The density of the substance is then manipulated by manipulating the mass of the cover (such as compacting cotton) while controlling the thickness of it. The area of the substance will be the same through all trials as controlled by the area of the opening of the Thermos bottle.

Some preliminary testing with the Thermos bottle and a 25W incandescent lamp gives the result of a temperature change from 22.1 to 76.5 degrees Celsius (I'm Canadian) after 45 minutes of exposure. After setting it to cool for an hour, the temperature dropped to 67.2 degrees Celcius, which means that the heat retention is not a problem. 

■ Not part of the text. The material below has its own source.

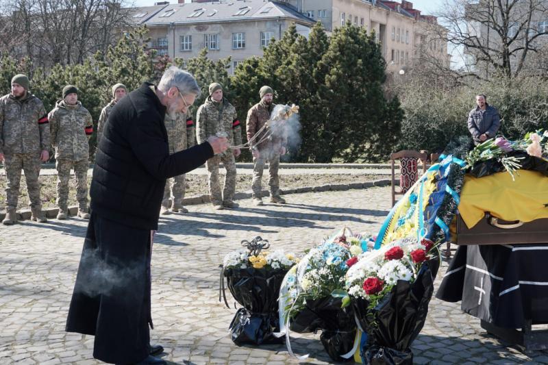 Чин похорону відбувся на площі Народній. Провести воїна в останню путь прийшли міський голова Богдан Андріїв, військові, містяни.

I am wondering if this is conceptually sound on the basis that absorption of ultraviolet light by water will induce a temperature change? (Sorry I don't have access to any ultraviolet lamps at the moment x_x)

Some research and logic brought conflicting responses:
-UV light is too energetic to create a vibration in the water molecules (average kinetic energy of molecules is temperature), instead it breaks chemical bonds by bombarding electrons
-UV light is cool, therefore we cannot feel it (although I feel this is an inadequate explanation
-UV light is a form of electromagnetic radiation and therefore like all radiation should produce heat when absorbed by a molecule (logic)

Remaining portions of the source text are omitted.